## THE PROBLEM
Only the lines below from the one that holds "2021 PANINI PRIZM" through the one that holds "这一年下来呢也看了不少他们的视频,学到了不少新知识。" should appear in the answer, copied exactly, end lines included and pictures omitted.

## TASK DATA
++++++++++
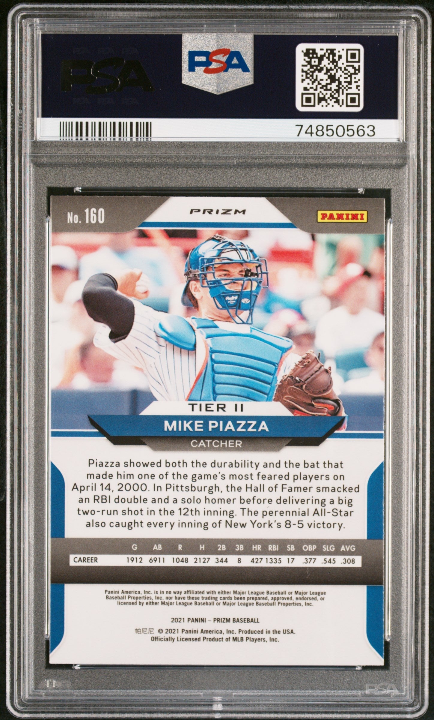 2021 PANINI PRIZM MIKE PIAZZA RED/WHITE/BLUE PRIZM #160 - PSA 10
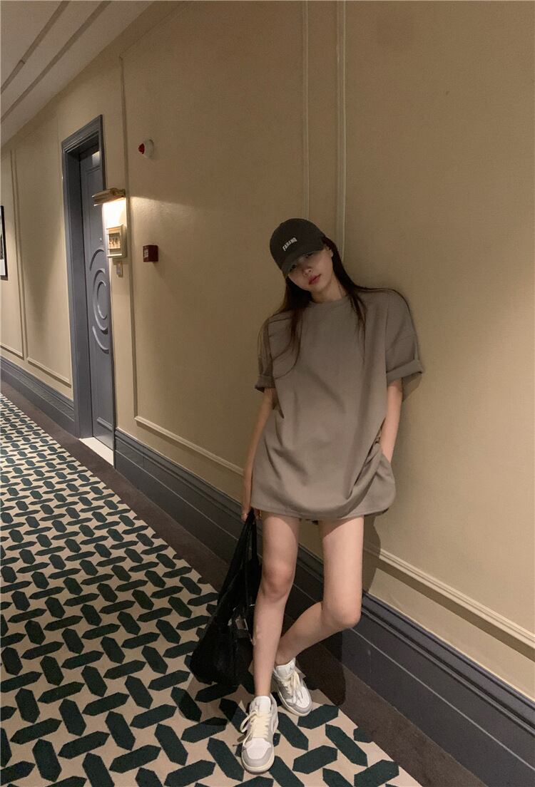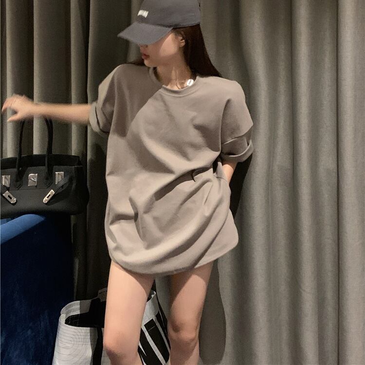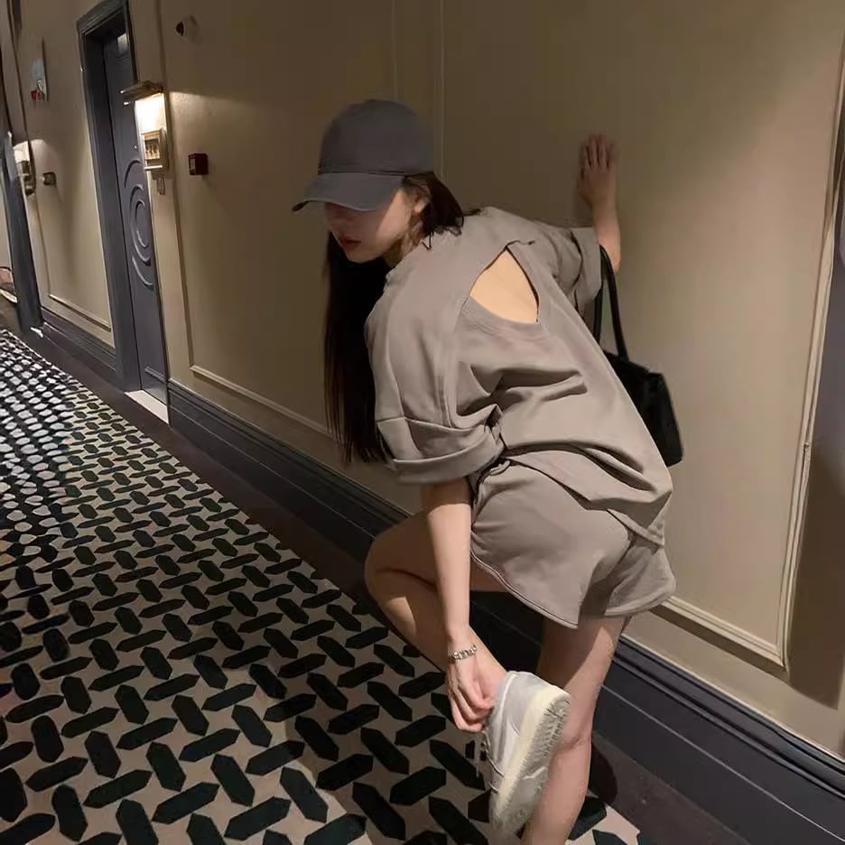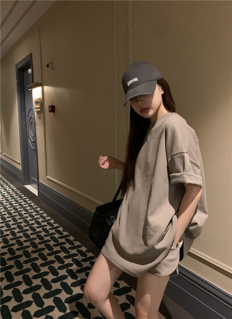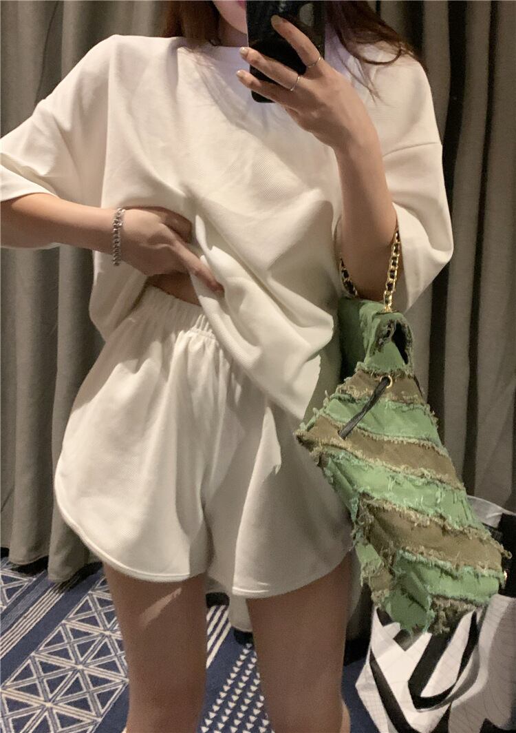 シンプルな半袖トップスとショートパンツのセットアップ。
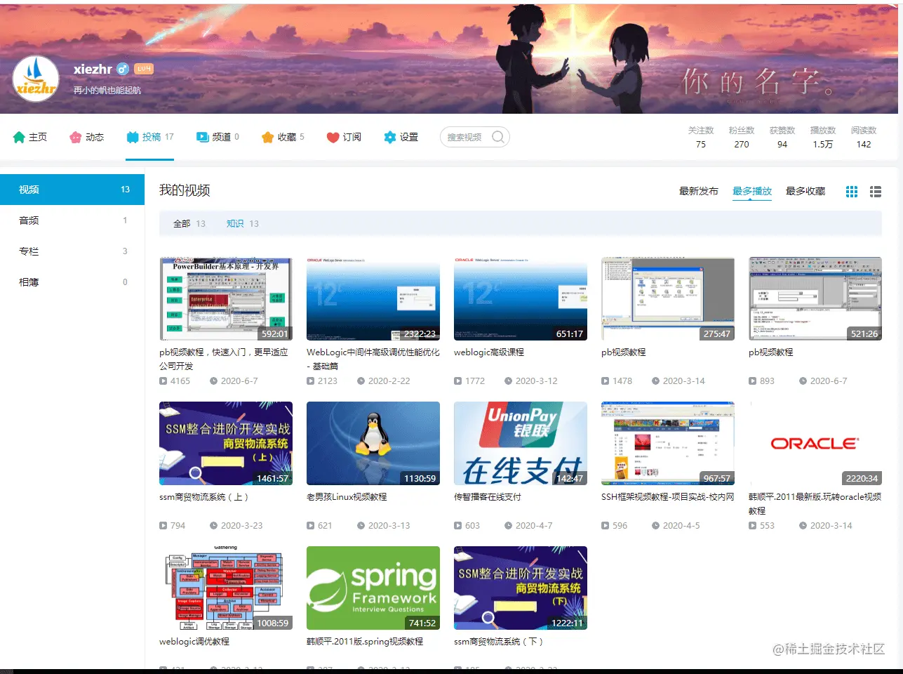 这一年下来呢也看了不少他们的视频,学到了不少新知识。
++++++++++
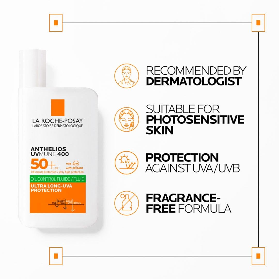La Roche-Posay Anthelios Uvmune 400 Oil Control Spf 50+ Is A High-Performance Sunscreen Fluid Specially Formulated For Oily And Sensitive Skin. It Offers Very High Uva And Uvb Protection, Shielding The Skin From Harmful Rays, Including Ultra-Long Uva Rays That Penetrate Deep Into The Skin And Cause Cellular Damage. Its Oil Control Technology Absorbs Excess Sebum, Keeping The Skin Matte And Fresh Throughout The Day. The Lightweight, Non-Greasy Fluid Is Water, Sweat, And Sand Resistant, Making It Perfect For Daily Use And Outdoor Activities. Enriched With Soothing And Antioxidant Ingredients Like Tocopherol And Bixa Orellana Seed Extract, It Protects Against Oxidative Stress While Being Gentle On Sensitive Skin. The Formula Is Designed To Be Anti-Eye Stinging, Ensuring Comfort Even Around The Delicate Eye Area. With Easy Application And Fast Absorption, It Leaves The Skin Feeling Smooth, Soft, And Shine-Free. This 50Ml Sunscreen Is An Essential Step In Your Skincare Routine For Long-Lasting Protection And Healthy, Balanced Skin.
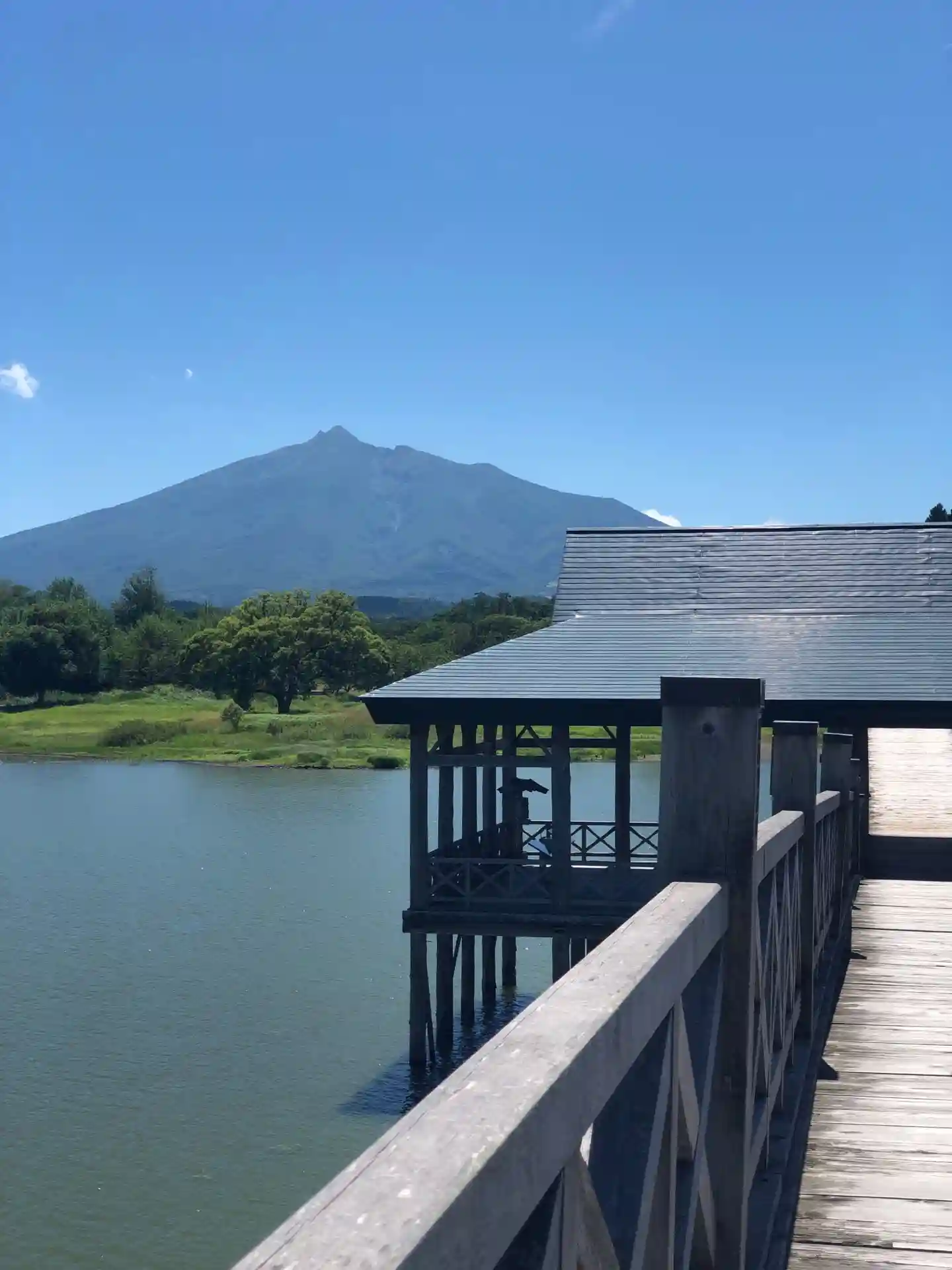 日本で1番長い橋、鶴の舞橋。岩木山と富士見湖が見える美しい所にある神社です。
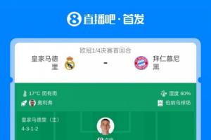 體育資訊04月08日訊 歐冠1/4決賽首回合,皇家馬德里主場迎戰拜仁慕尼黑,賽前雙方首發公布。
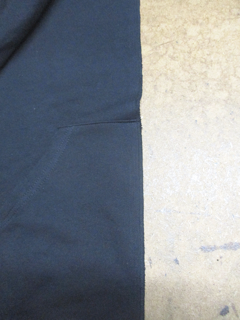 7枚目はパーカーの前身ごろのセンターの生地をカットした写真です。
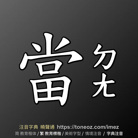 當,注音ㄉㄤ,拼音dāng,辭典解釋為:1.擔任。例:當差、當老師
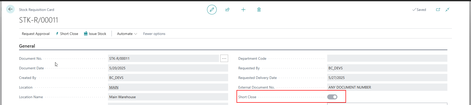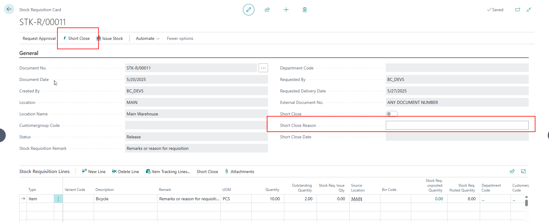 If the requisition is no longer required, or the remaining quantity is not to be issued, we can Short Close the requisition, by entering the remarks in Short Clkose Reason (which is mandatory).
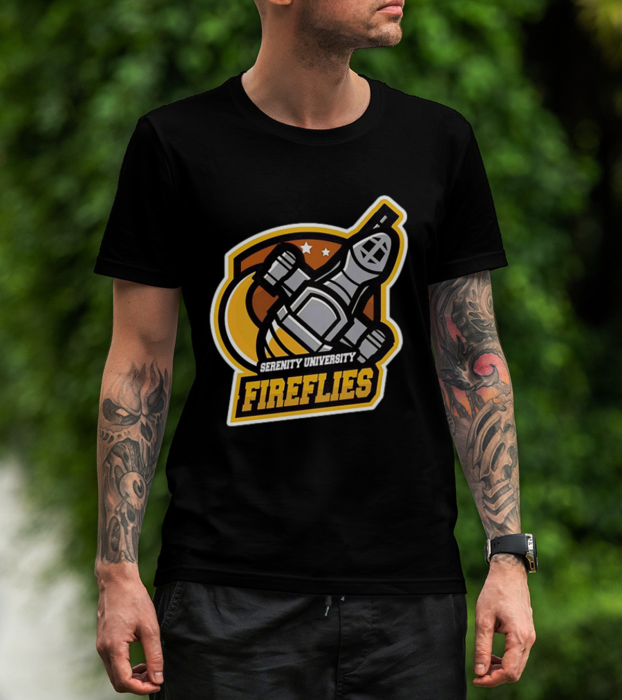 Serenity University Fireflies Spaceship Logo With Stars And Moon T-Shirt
++++++++++
## RESPONSE BOX
 2021 PANINI PRIZM MIKE PIAZZA RED/WHITE/BLUE PRIZM #160 - PSA 10
 シンプルな半袖トップスとショートパンツのセットアップ。
 这一年下来呢也看了不少他们的视频,学到了不少新知识。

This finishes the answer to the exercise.